### PROMPT
Using the records that follow, reproduce exactly the lines starting at the line containing "MINI DisplayPort 1.4" and ending at the line containing "In the caption". Include both end lines and no pictures.

━━ RECORD EXCERPTS ━━

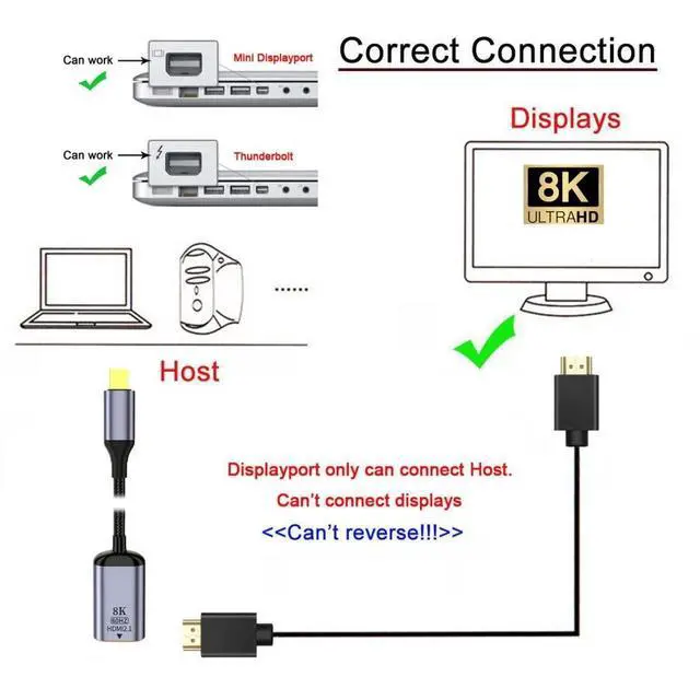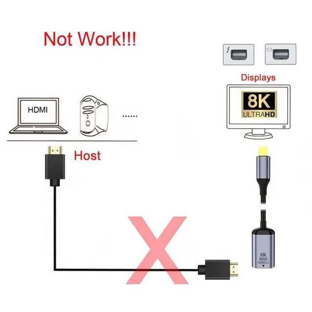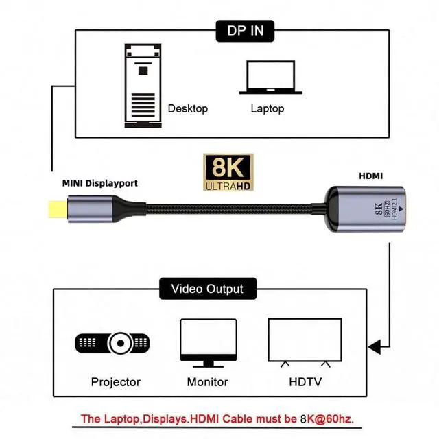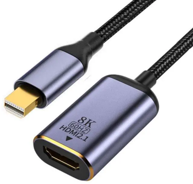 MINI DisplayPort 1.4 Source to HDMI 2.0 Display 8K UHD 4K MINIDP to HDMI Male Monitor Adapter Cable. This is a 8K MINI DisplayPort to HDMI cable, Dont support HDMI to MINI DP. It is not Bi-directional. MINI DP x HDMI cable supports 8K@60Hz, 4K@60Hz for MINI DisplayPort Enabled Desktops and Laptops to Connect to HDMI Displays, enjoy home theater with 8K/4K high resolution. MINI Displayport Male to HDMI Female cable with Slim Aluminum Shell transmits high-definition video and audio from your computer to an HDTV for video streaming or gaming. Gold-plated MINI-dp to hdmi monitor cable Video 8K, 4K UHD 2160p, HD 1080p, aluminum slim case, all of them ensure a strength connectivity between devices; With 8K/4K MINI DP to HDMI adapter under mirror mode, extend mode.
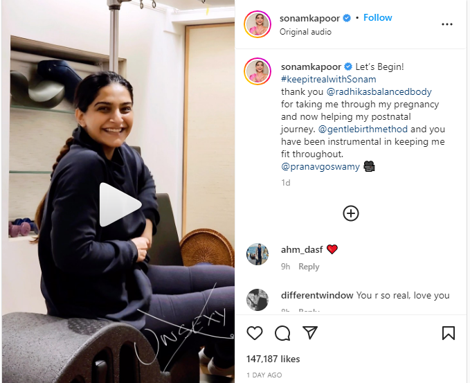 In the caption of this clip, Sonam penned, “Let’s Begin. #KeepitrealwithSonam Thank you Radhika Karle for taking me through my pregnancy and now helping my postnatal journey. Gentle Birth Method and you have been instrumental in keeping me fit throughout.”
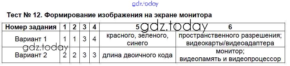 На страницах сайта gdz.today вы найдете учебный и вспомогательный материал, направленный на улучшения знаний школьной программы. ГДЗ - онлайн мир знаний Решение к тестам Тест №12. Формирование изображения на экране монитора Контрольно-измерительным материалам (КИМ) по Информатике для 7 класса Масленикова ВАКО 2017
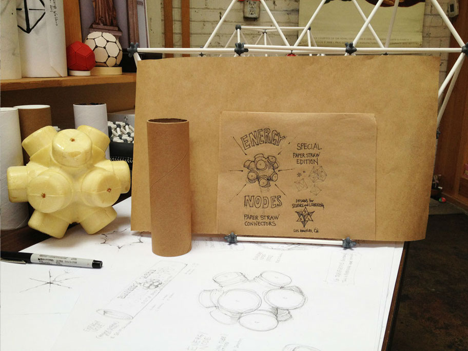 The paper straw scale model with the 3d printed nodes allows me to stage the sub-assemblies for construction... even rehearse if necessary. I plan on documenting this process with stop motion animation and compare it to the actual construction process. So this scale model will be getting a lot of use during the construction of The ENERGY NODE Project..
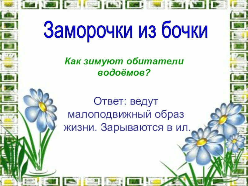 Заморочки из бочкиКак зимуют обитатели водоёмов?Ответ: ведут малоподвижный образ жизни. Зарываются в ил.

━━━
━━ RECORD EXCERPTS ━━

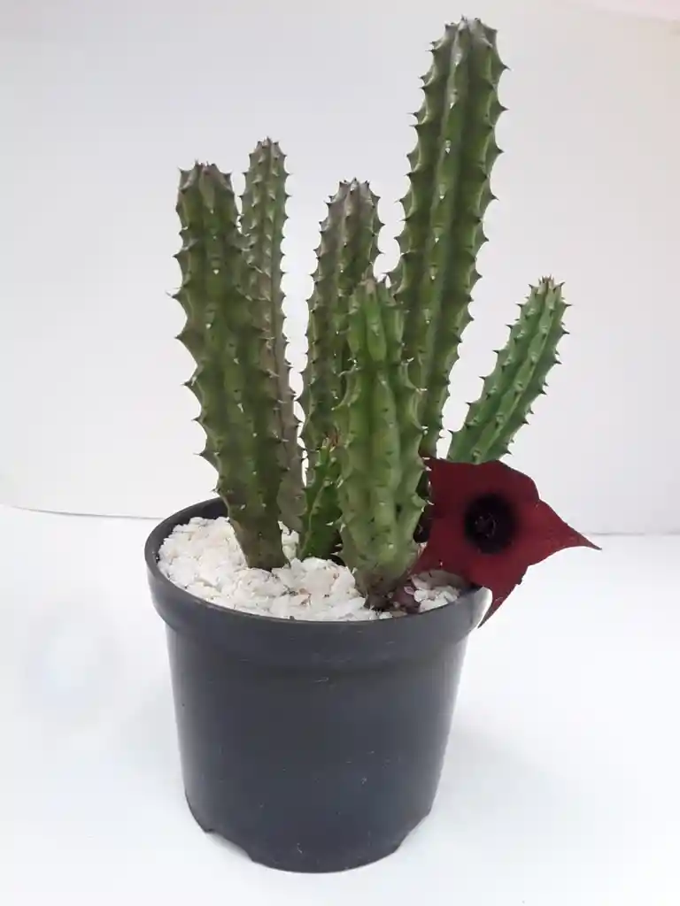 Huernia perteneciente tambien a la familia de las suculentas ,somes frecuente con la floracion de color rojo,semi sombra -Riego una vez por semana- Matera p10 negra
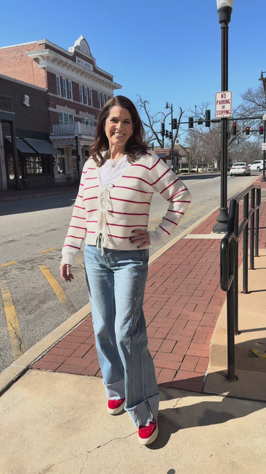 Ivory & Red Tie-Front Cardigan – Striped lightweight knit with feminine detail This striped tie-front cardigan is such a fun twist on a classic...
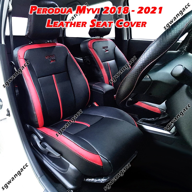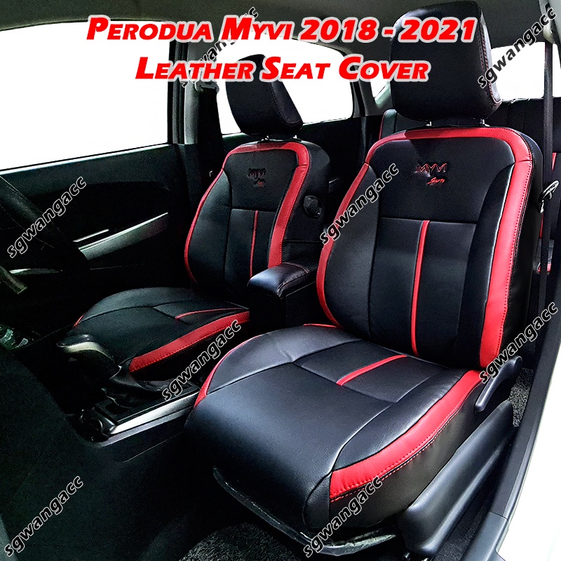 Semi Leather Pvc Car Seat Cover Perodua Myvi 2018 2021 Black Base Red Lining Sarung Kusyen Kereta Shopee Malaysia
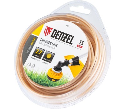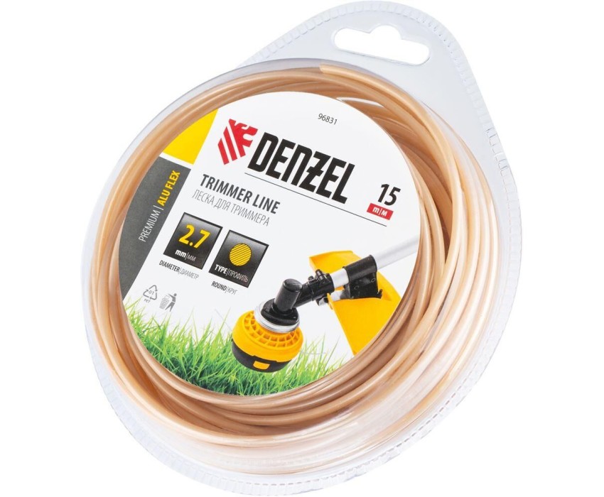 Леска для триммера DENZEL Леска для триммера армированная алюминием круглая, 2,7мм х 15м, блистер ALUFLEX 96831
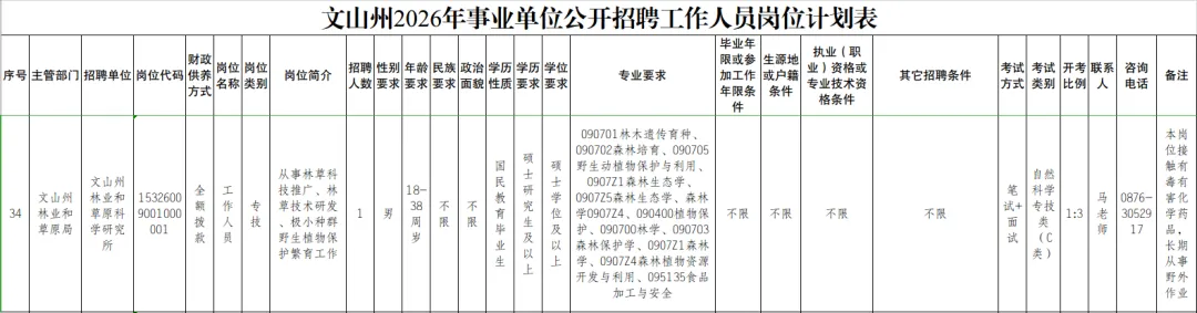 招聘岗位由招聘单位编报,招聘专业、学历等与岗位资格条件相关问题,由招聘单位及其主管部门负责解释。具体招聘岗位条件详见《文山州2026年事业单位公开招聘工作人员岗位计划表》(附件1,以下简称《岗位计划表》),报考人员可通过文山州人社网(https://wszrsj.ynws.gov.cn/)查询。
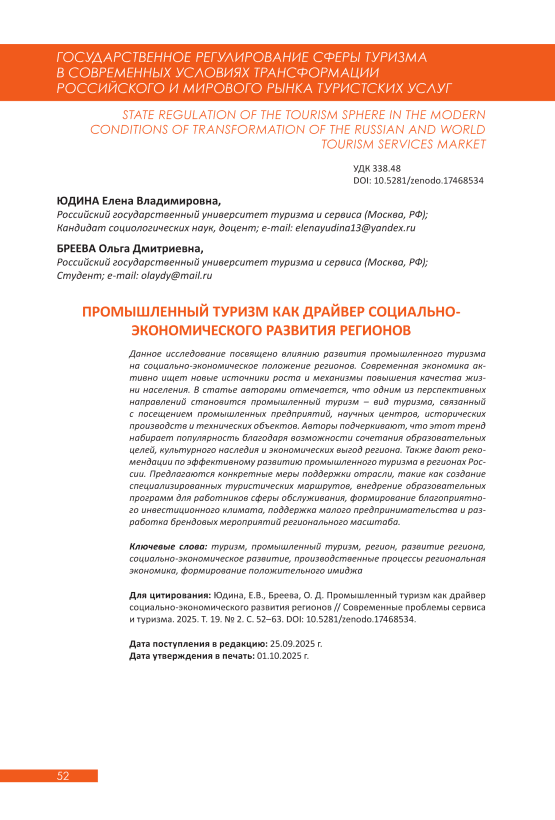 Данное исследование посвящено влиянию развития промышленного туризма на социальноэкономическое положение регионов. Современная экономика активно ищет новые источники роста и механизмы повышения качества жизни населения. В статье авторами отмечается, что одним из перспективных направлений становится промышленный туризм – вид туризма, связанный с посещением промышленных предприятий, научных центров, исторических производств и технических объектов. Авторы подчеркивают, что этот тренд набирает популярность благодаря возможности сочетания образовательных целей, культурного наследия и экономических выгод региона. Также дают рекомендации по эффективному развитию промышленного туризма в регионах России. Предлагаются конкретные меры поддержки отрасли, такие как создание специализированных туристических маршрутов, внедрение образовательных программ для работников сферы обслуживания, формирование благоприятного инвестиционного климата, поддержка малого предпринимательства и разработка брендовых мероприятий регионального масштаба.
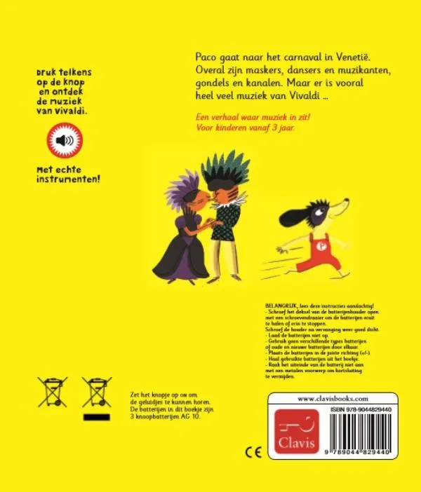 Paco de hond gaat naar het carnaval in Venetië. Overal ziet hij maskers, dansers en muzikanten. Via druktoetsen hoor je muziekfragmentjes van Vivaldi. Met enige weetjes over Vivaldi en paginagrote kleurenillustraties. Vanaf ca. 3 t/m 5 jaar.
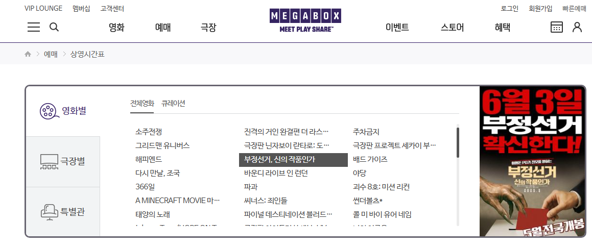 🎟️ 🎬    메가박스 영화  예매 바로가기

━━━
━━ RECORD EXCERPTS ━━

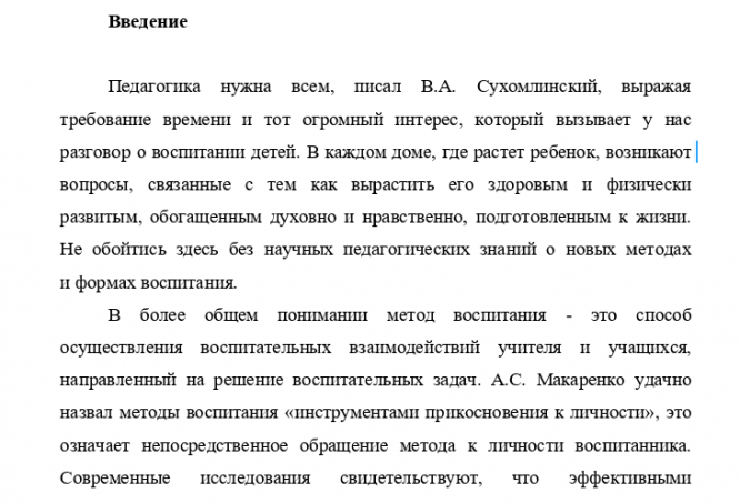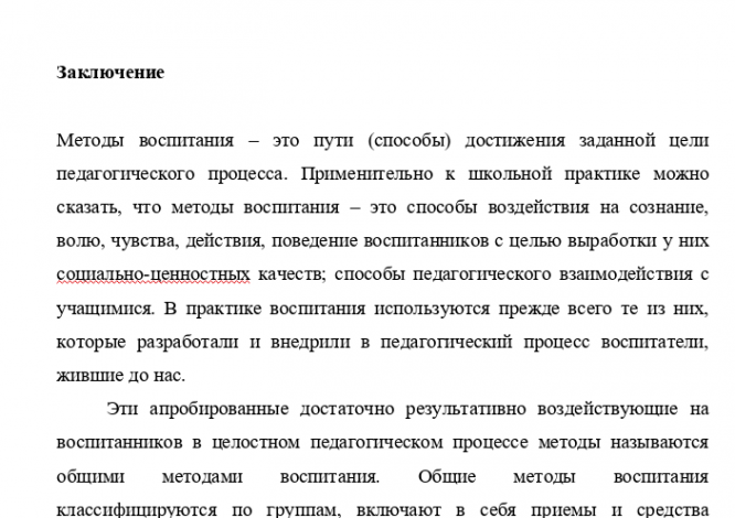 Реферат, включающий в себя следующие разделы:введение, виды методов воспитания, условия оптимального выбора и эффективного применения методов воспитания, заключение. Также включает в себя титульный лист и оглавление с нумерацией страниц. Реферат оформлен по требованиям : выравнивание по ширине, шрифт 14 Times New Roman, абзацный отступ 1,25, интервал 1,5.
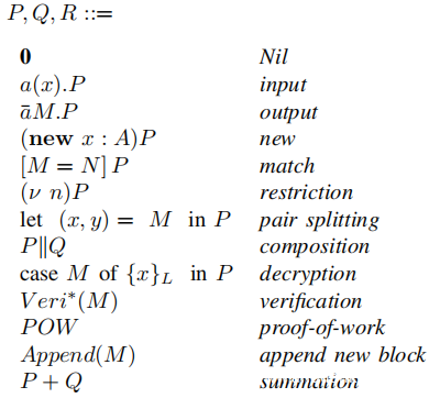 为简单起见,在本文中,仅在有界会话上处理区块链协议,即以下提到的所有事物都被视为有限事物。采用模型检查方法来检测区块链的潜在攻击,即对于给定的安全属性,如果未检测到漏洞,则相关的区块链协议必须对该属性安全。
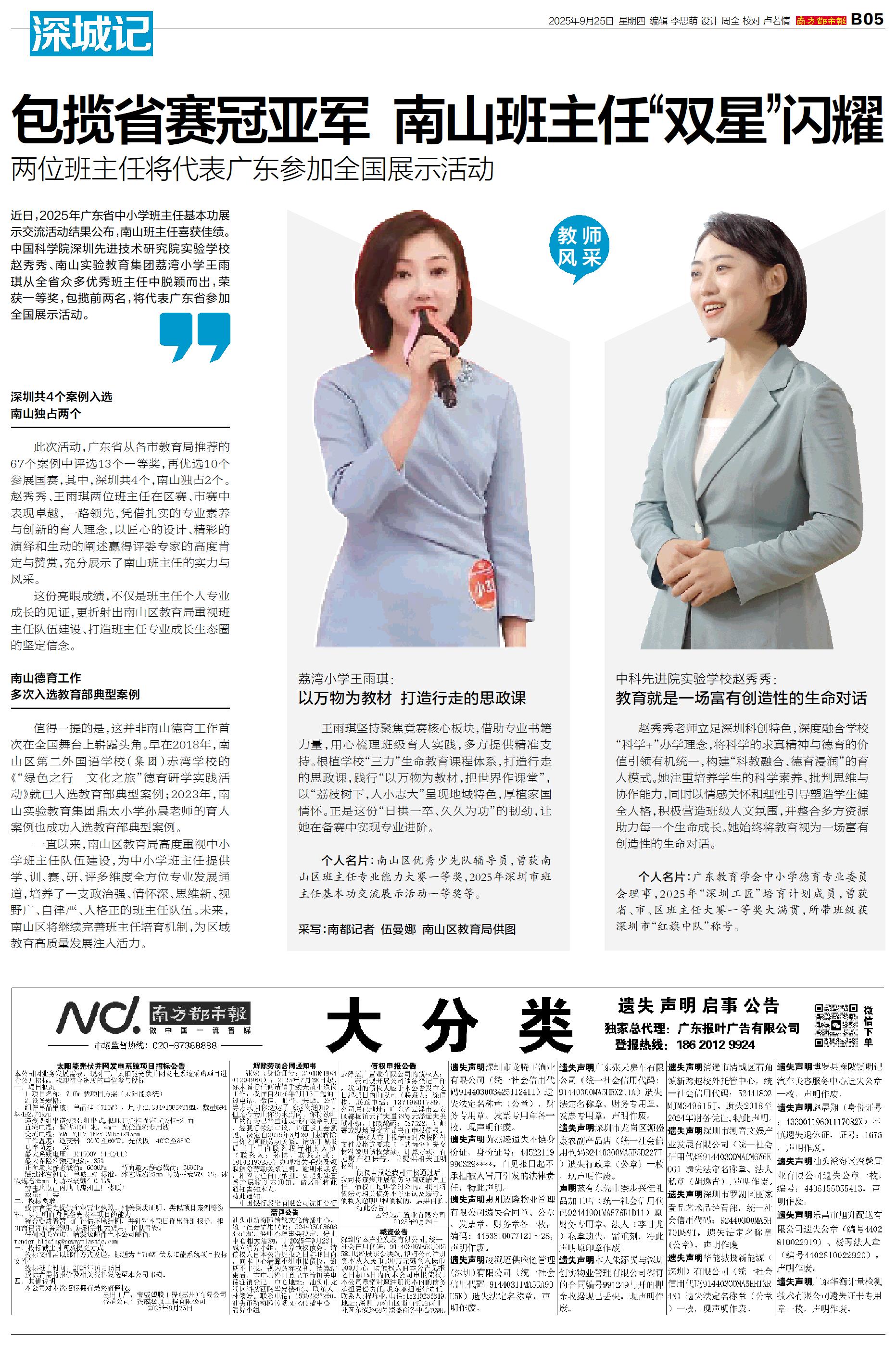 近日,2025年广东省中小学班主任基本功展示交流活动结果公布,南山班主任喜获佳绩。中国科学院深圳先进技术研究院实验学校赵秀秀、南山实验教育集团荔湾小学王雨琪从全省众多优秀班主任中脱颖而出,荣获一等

━━━

### FINISHED EXERCISE
 MINI DisplayPort 1.4 Source to HDMI 2.0 Display 8K UHD 4K MINIDP to HDMI Male Monitor Adapter Cable. This is a 8K MINI DisplayPort to HDMI cable, Dont support HDMI to MINI DP. It is not Bi-directional. MINI DP x HDMI cable supports 8K@60Hz, 4K@60Hz for MINI DisplayPort Enabled Desktops and Laptops to Connect to HDMI Displays, enjoy home theater with 8K/4K high resolution. MINI Displayport Male to HDMI Female cable with Slim Aluminum Shell transmits high-definition video and audio from your computer to an HDTV for video streaming or gaming. Gold-plated MINI-dp to hdmi monitor cable Video 8K, 4K UHD 2160p, HD 1080p, aluminum slim case, all of them ensure a strength connectivity between devices; With 8K/4K MINI DP to HDMI adapter under mirror mode, extend mode.
 In the caption of this clip, Sonam penned, “Let’s Begin. #KeepitrealwithSonam Thank you Radhika Karle for taking me through my pregnancy and now helping my postnatal journey. Gentle Birth Method and you have been instrumental in keeping me fit throughout.”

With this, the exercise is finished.